EDIT: I'd say your install is probably corrupt in that case. At any rate, grab version 5, it's much better overall.


----------



## incongruency (Feb 23, 2010)

Runefox said:


> By default, it updates only once per day.


Just a note, but both versions four and five default to updating every four hours.


----------



## torachi (Feb 23, 2010)

incongruency said:


> What version are you running? If you're not running version five I'd suggest you update soon. Not only is the nagging behavior gone, it's safer to run with the newer version.


 
Good call, im not an expert on these things...

I will be getting ver. 5


----------



## Runefox (Feb 23, 2010)

incongruency said:


> Just a note, but both versions four and five default to updating every four hours.



Yeah, checking it, I was wrong about that; It'll _check_ for updates every four hours.
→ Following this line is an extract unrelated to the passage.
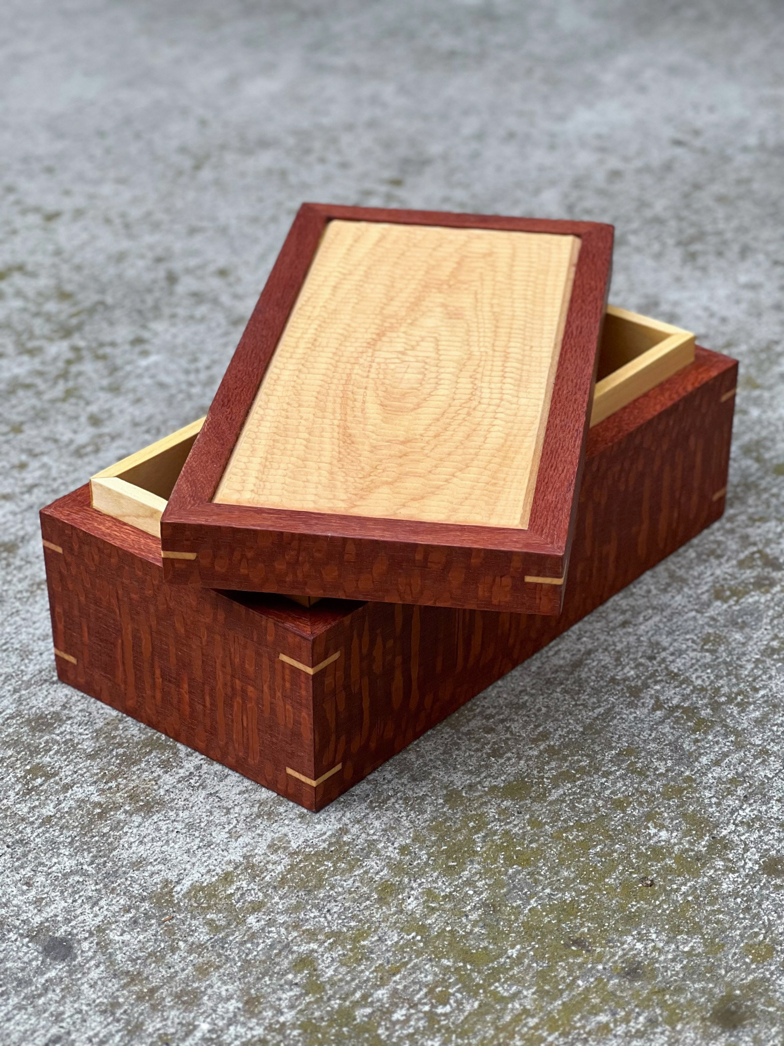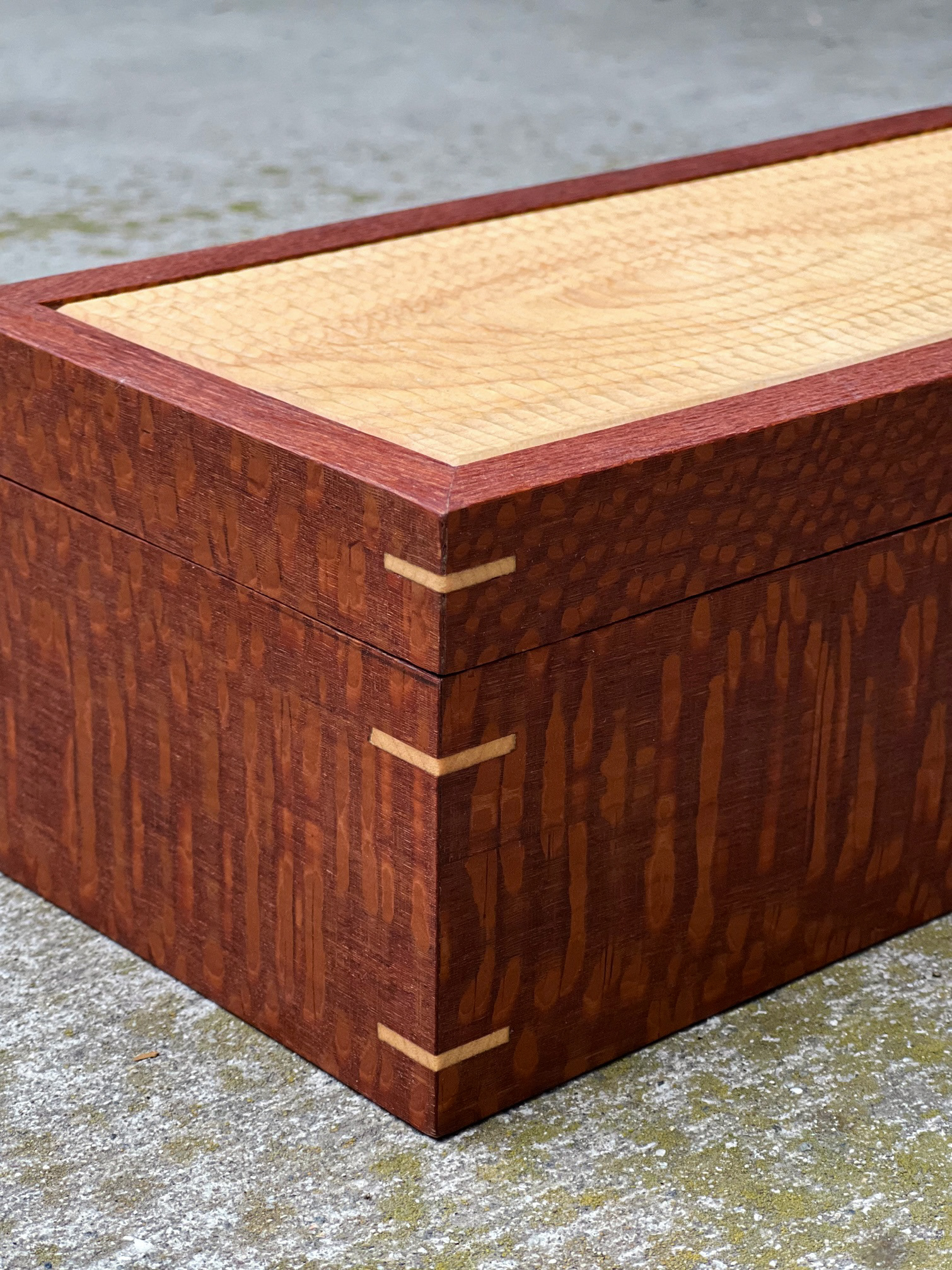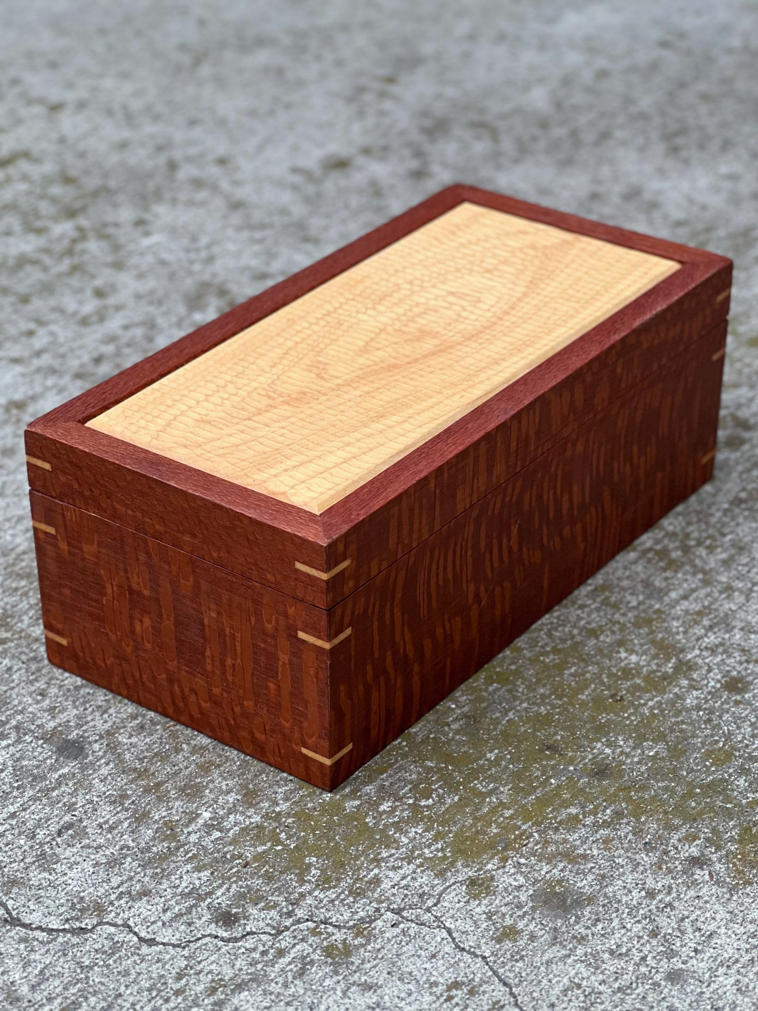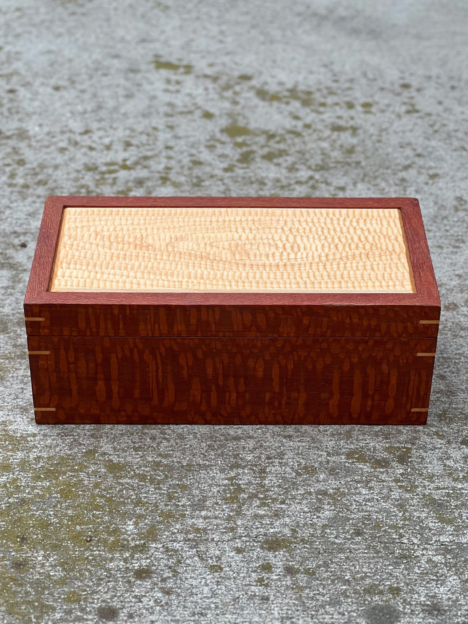 LEOPARD WOOD AND MAPLE BOX WITH HAND CARVED LID
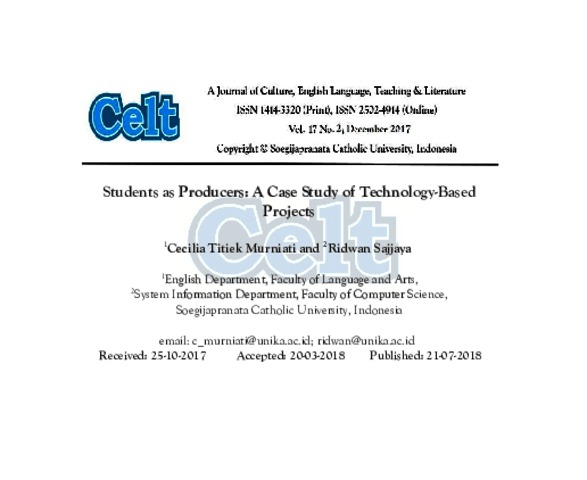 MURNIATI, CECILIA TITIEK and SANJAYA, RIDWAN Students as Producers: A Case Study of Technology-Based Projects. Celt: A Journal of Culture, English Language Teaching & Literature. ISSN 2502-4914

However, I don't think I've ever seen it actually update every four hours (it usually pops one notification per day for me, but my "days" are strange; Today, I woke up at 5PM. =D).


----------



## SnowFox (Feb 23, 2010)

Would you say Avast was better than the paid for version of AVG 8.5/9?
Does it have a command line scan/update option?

I used to like AVG but not so much any more. It's pretty bloated and the default install is WAY too intrusive and it managed to let in internet security 2010 on one computer and even when I manually scanned one of it's .exe's it still missed it.
I'm pretty much stuck with it for the next 2 years though unless I waste a license. One good thing is it doesn't seem to limit the number of computers you install on, we bought a 5 computer license at work and managed to install it on 10+ computers with no problem.


----------



## Ratte (Feb 23, 2010)

norton blows.  it attacked my computer when i first got it (was trying to get everything up and running and it freaked out on me).  tried avg.  avg kept 404ing already loaded pages to its own 404 page.  that was pissing me off.  got avast back in may-june and i never had a problem.

avast is a cool bro.


----------



## Runefox (Feb 23, 2010)

SnowFox said:


> Would you say Avast was better than the paid for version of AVG 8.5/9?
> Does it have a command line scan/update option?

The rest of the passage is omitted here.